Policja ma obowiązek działać według litery prawa
Skoro tego nie robi, jej komendant jest winien buntu. To nie jest jakaś obstrukcja, jakieś mącenie, to w świetle prawa jest zwykły bunt, zamach stanu. Nie ma działań siłowych, nikt nie strzela jak to się zwykle dzieje, bo takie rzeczy dzieją się w krajach, w których społeczeństwo zdaje sobie sprawę z powagi sytuacji. Z tego, że odbiera im się podmiotowość. W Polsce nawet ci, świadomi sytuacji, czekają niczym oszołomiony ciosem olbrzym.

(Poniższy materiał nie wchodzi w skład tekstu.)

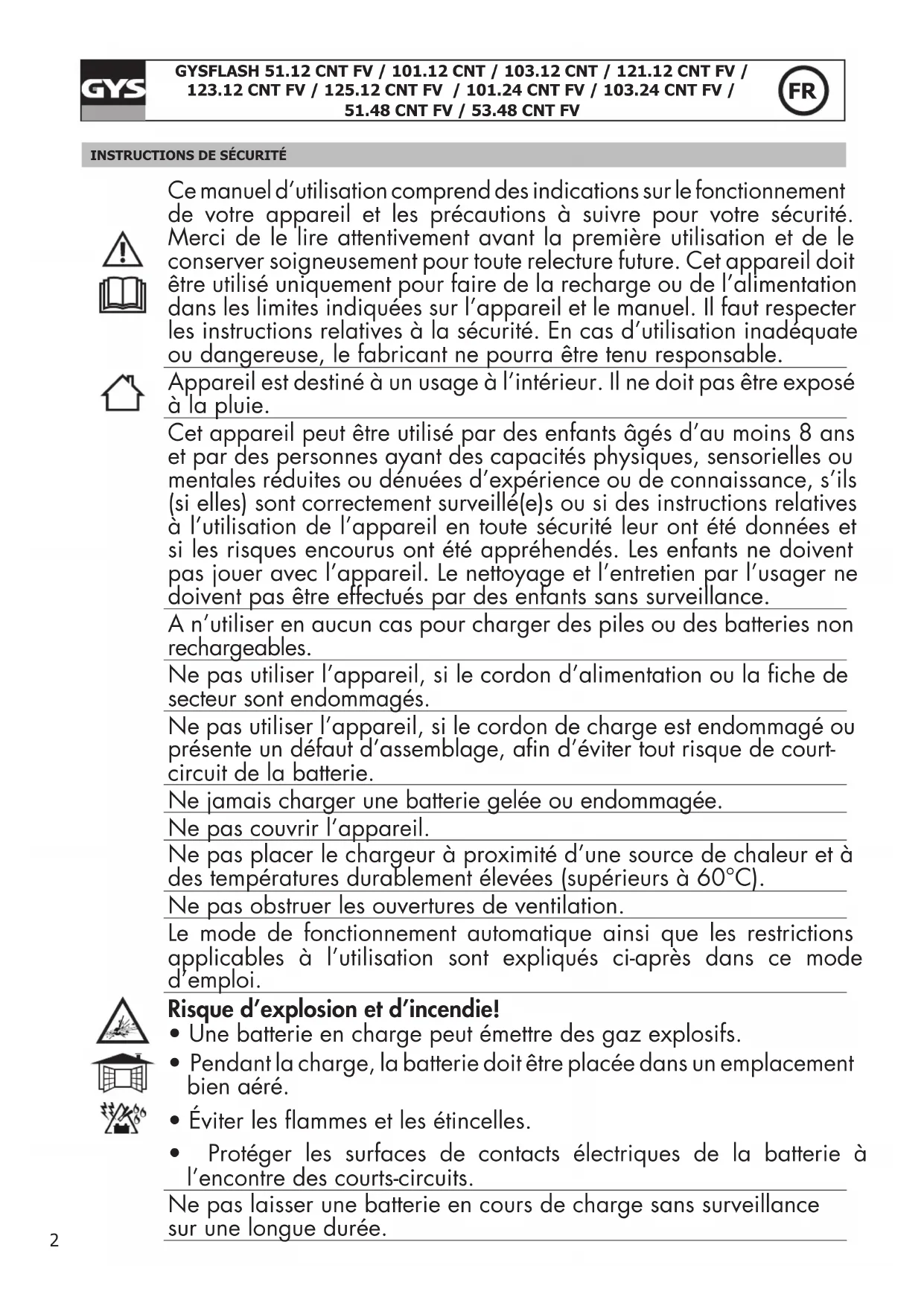 - Protéger les surfaces de contacts électriques de la batterie à l’encontre des courts-circuits. Ne pas laisser une batterie en cours de charge sans surveillance sur une longue durée.3 GYSFLASH 51.12 CNT FV / 101.12 CNT / 103.12 CNT / 121.12 CNT FV /
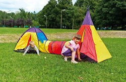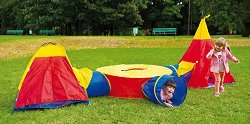 Приключенският цветен комплект включва тунел, палатка и къща, които са изработени от полиестер. Съхраняват се лесно след сгъване и са подходящи за игра в зала и на открито. Комплектът е лесен за сглобяване и с него могат да се изграждат различни трасета с препятствия. Размери: тунел: диаметър ∅ 46 cm, дължина 140 cm палатка: 75 / 80 / 75 cm къщичка: 90 / 75 / 65 cm ... |

Ale olbrzym w końcu może oddać i nad tym problemem pracują teraz wysłannicy Jagodna, by ten szok zagospodarować. Powodzią, polsatowską wrzutką o "zagłębiu aborcjonistycznym" , czy jakimś dylematem Kotuli.
Ale tego, że Policja stawia się ponad porządkiem prawa w Polsce, że Wojsko nie reaguje na zamach stanu...
Przypominam, że dzisiaj wszystkie instytucje państwowe wypowiedziało posłuszeństwo najwyźszym organom sądowym Polski!
Czyli, w Polsce takie instytucje, jak sąd, przestały istnieć.! Tusk te sądy uniewaźnił i nie liczy się z nimi ani rząd, ani Policja, samorządy, Wojsko.... Tylko ja i Wy mamy się poddawać władzy, której według Tuska nie ma...
Wiedziałem, że otumanieni głosujący na Tuska, głosują za wiochą zabitą dechami...To wiedziałem. Ale to nadal byłaby Polska, choć zabita dechami.
Ale, czy oni wiedzieli, że głosują na Gubernatora?
I czy dzisiaj uważają to za błąd, czy za sukces?